## Records from a dataset
- - -
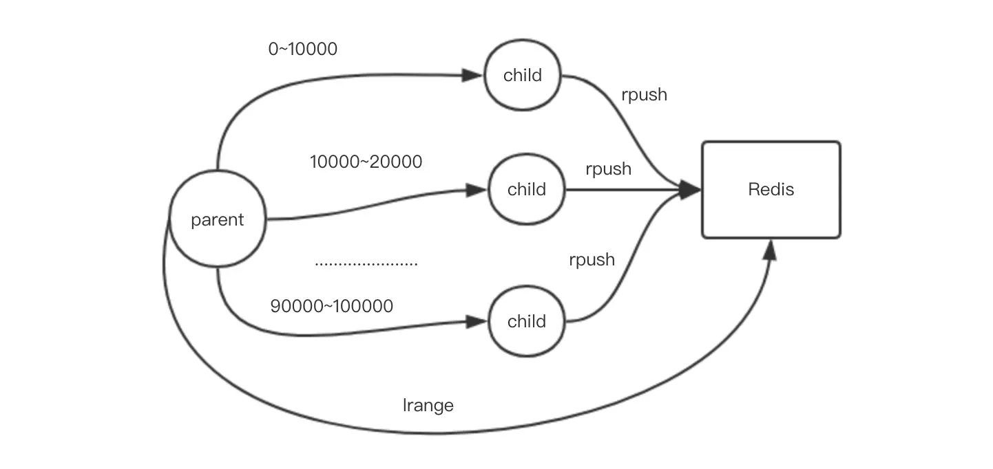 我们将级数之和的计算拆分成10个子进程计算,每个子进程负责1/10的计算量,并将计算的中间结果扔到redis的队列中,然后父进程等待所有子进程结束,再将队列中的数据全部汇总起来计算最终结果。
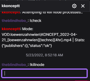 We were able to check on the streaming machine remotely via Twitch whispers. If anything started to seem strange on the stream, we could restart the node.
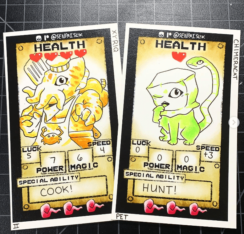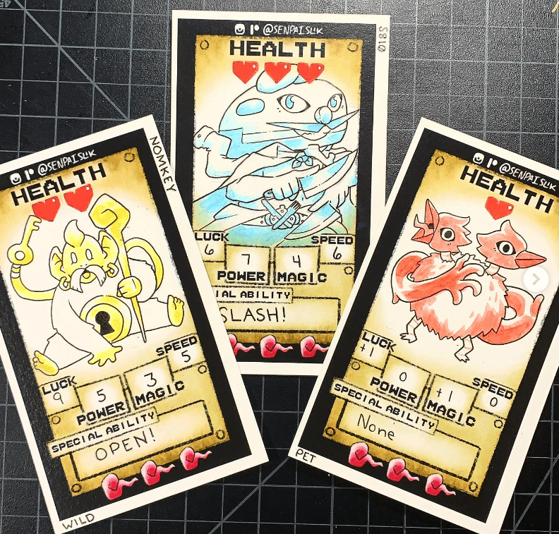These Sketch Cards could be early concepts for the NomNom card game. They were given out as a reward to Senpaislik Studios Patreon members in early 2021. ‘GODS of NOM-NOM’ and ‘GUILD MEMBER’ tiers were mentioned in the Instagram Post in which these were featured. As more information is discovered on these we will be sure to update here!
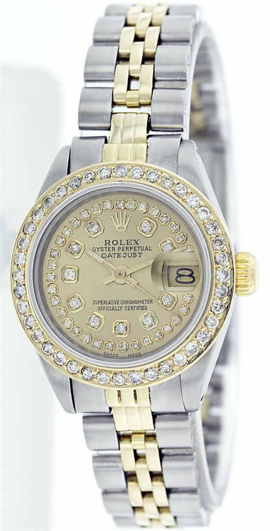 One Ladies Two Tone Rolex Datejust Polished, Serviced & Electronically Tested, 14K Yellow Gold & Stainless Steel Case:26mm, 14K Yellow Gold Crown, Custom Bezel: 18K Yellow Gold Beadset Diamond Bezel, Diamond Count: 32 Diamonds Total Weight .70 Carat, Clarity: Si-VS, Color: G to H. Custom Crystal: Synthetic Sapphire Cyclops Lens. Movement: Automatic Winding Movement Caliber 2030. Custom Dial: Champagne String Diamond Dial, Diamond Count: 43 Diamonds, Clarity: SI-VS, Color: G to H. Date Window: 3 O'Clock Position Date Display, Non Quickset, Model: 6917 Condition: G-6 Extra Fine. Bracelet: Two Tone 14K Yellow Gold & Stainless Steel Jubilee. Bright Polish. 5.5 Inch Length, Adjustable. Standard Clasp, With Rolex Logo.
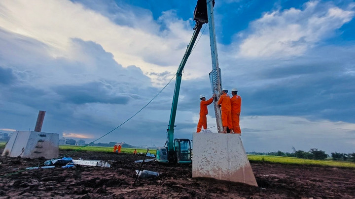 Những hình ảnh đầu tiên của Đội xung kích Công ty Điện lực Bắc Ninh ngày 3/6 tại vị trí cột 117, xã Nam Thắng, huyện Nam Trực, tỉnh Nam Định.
- - -
## Work task
Your answer must be an exact transcription of every entry, minus the pictures.

## Answer to the exercise
 我们将级数之和的计算拆分成10个子进程计算,每个子进程负责1/10的计算量,并将计算的中间结果扔到redis的队列中,然后父进程等待所有子进程结束,再将队列中的数据全部汇总起来计算最终结果。
 We were able to check on the streaming machine remotely via Twitch whispers. If anything started to seem strange on the stream, we could restart the node.
These Sketch Cards could be early concepts for the NomNom card game. They were given out as a reward to Senpaislik Studios Patreon members in early 2021. ‘GODS of NOM-NOM’ and ‘GUILD MEMBER’ tiers were mentioned in the Instagram Post in which these were featured. As more information is discovered on these we will be sure to update here!
 One Ladies Two Tone Rolex Datejust Polished, Serviced & Electronically Tested, 14K Yellow Gold & Stainless Steel Case:26mm, 14K Yellow Gold Crown, Custom Bezel: 18K Yellow Gold Beadset Diamond Bezel, Diamond Count: 32 Diamonds Total Weight .70 Carat, Clarity: Si-VS, Color: G to H. Custom Crystal: Synthetic Sapphire Cyclops Lens. Movement: Automatic Winding Movement Caliber 2030. Custom Dial: Champagne String Diamond Dial, Diamond Count: 43 Diamonds, Clarity: SI-VS, Color: G to H. Date Window: 3 O'Clock Position Date Display, Non Quickset, Model: 6917 Condition: G-6 Extra Fine. Bracelet: Two Tone 14K Yellow Gold & Stainless Steel Jubilee. Bright Polish. 5.5 Inch Length, Adjustable. Standard Clasp, With Rolex Logo.
 Những hình ảnh đầu tiên của Đội xung kích Công ty Điện lực Bắc Ninh ngày 3/6 tại vị trí cột 117, xã Nam Thắng, huyện Nam Trực, tỉnh Nam Định.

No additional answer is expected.